[Start of section]

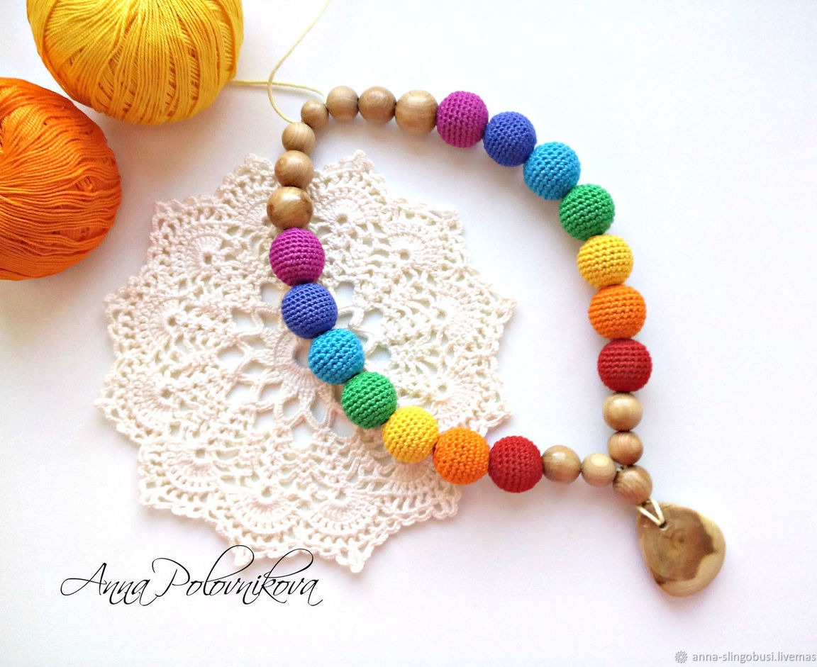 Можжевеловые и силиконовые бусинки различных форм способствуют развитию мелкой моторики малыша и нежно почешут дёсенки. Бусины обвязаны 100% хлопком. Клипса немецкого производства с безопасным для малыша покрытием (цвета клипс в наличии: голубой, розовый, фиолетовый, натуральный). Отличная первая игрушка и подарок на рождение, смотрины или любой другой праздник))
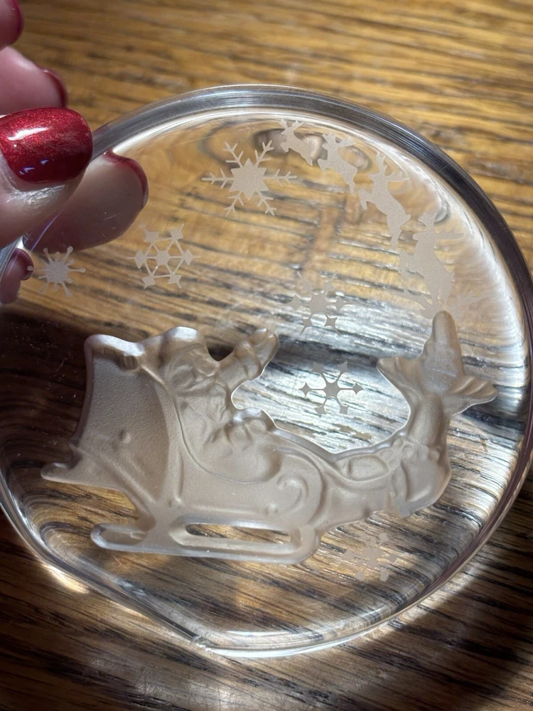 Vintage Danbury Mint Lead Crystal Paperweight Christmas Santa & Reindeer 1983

[End of section]
[Start of section]

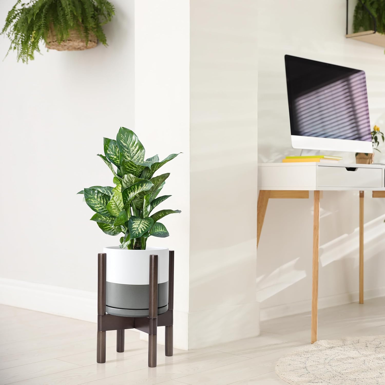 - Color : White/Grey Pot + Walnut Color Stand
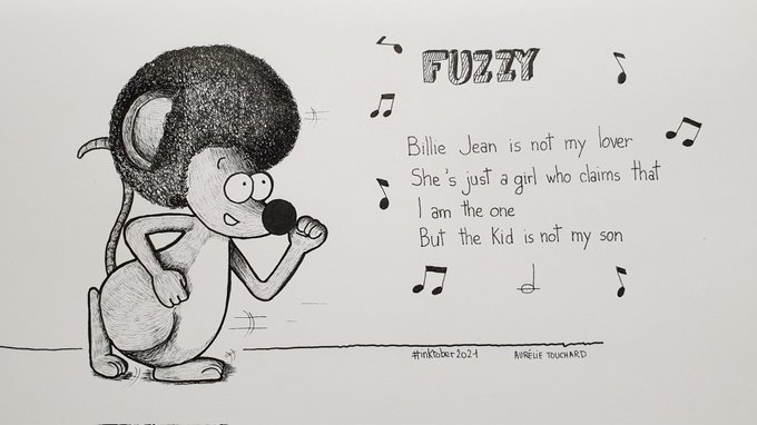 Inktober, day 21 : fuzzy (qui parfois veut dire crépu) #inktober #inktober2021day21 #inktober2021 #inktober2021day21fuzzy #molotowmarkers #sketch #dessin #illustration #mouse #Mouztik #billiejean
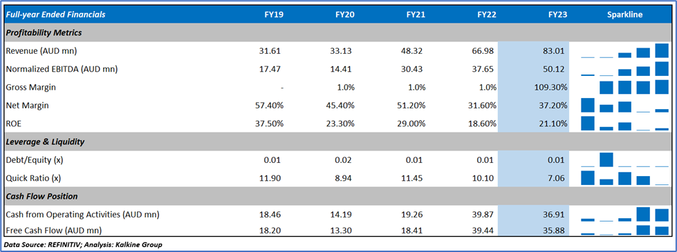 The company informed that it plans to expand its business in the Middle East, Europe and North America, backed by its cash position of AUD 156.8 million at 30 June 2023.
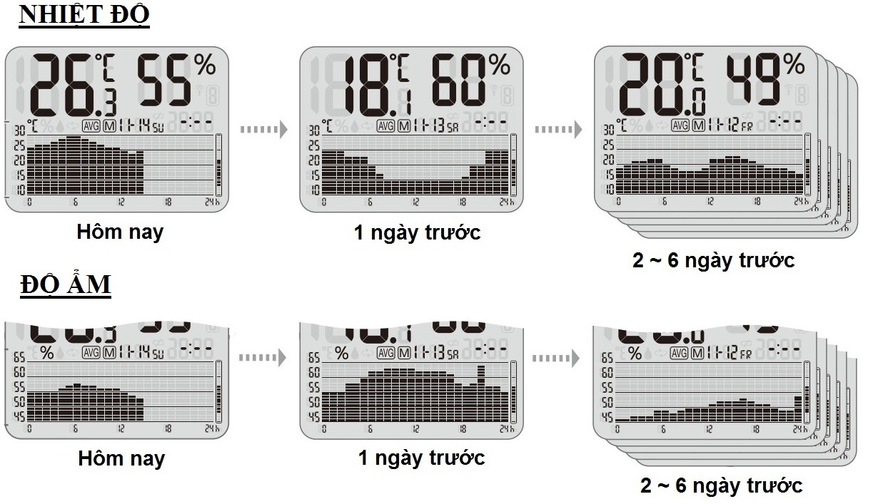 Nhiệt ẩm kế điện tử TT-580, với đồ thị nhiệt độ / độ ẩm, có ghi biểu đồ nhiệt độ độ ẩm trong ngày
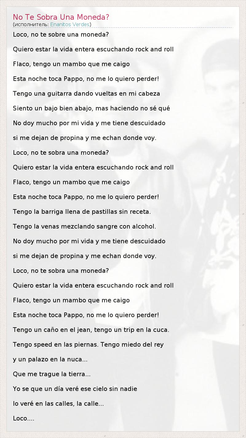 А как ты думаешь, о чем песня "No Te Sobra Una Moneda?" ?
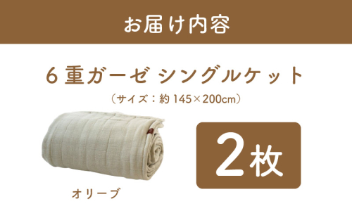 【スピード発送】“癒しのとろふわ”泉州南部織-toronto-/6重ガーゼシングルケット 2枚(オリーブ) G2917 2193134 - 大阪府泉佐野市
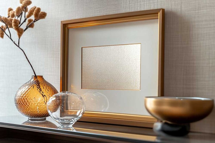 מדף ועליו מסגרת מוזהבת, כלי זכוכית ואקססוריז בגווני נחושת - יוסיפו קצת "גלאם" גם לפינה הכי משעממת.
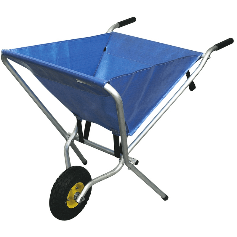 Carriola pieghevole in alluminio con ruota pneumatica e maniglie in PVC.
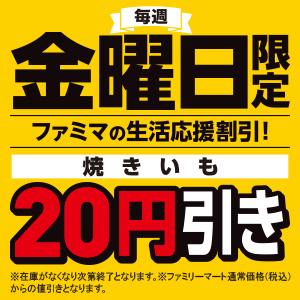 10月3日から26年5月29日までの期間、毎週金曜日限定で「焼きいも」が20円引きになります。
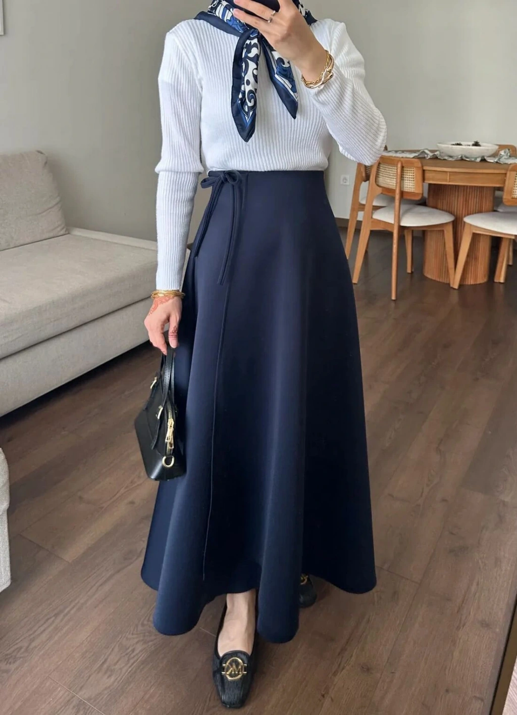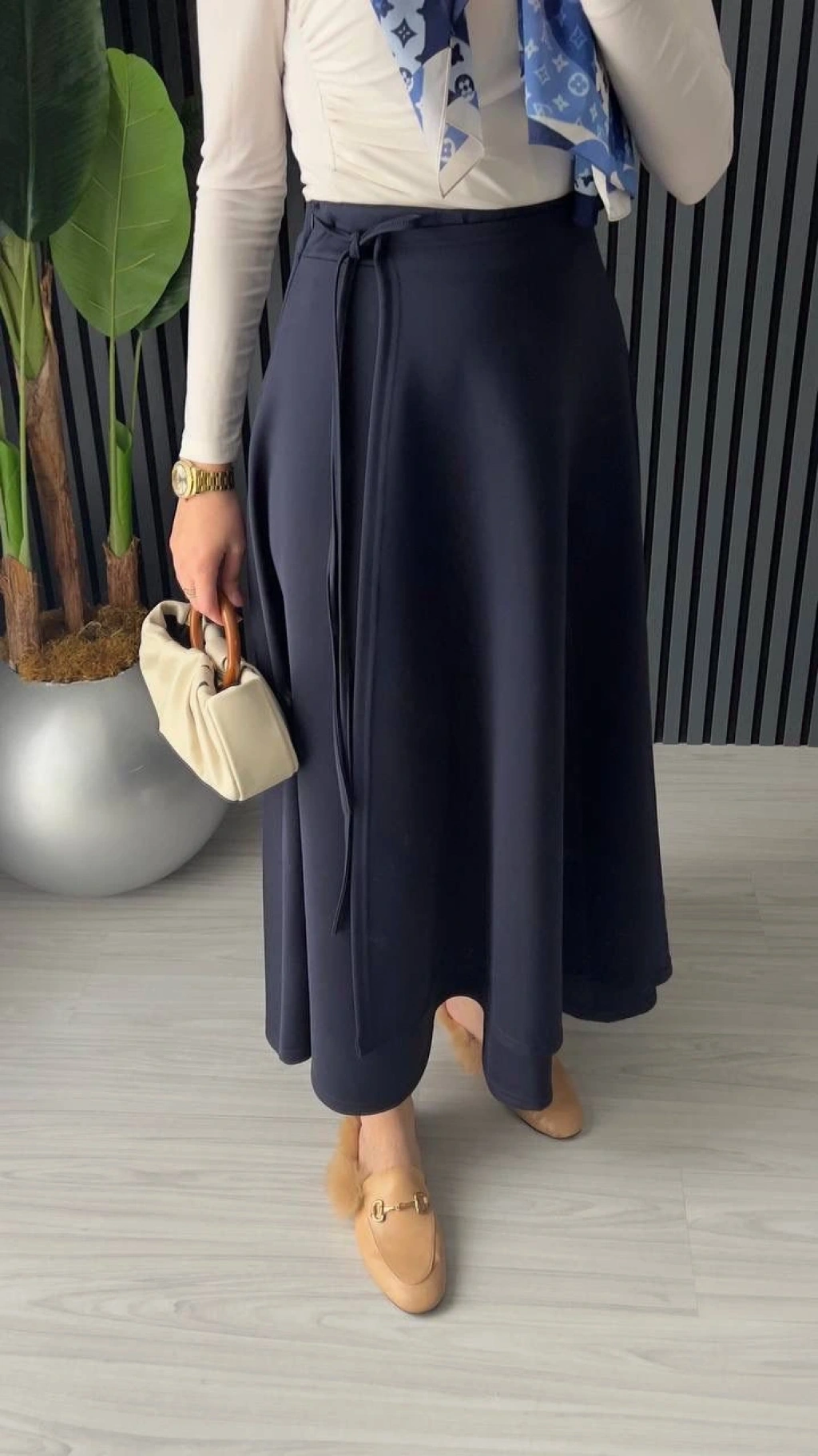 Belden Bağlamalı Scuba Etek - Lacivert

[End of section]
[Start of section]

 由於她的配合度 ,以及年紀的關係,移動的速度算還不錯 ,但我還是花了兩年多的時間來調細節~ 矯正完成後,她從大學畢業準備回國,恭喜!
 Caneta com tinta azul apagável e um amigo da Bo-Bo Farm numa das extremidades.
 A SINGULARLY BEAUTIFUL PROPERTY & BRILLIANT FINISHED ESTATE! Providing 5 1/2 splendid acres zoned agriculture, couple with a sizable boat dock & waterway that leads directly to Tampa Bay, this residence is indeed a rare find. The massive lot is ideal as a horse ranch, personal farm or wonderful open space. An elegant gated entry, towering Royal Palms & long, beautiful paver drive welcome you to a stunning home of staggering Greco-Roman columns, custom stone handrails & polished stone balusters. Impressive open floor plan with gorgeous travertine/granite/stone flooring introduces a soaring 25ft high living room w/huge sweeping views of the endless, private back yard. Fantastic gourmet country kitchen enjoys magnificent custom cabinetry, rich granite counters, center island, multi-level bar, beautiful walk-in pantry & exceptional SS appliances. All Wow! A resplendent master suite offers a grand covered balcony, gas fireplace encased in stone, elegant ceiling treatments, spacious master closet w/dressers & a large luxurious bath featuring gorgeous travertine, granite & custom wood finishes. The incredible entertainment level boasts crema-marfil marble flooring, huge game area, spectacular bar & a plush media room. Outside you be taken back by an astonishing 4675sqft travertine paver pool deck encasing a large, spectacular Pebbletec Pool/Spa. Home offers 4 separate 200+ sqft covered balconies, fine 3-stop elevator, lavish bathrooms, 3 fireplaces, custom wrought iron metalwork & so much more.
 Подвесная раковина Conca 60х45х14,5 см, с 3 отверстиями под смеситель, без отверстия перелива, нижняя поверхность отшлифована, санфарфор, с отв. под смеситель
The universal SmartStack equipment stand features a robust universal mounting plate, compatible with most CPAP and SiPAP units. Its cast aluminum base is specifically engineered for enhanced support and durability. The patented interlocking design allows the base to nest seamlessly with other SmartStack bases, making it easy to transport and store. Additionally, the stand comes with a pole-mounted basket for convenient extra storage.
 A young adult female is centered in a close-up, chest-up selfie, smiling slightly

[End of section]

* _Exercise objective_
Respond with the exact lines above running from the one containing "Nhiệt ẩm kế" to the one containing "2193134 - 大阪府泉佐野市", both ends kept and no pictures included.

* _Response_
 Nhiệt ẩm kế điện tử TT-580, với đồ thị nhiệt độ / độ ẩm, có ghi biểu đồ nhiệt độ độ ẩm trong ngày
 А как ты думаешь, о чем песня "No Te Sobra Una Moneda?" ?
 【スピード発送】“癒しのとろふわ”泉州南部織-toronto-/6重ガーゼシングルケット 2枚(オリーブ) G2917 2193134 - 大阪府泉佐野市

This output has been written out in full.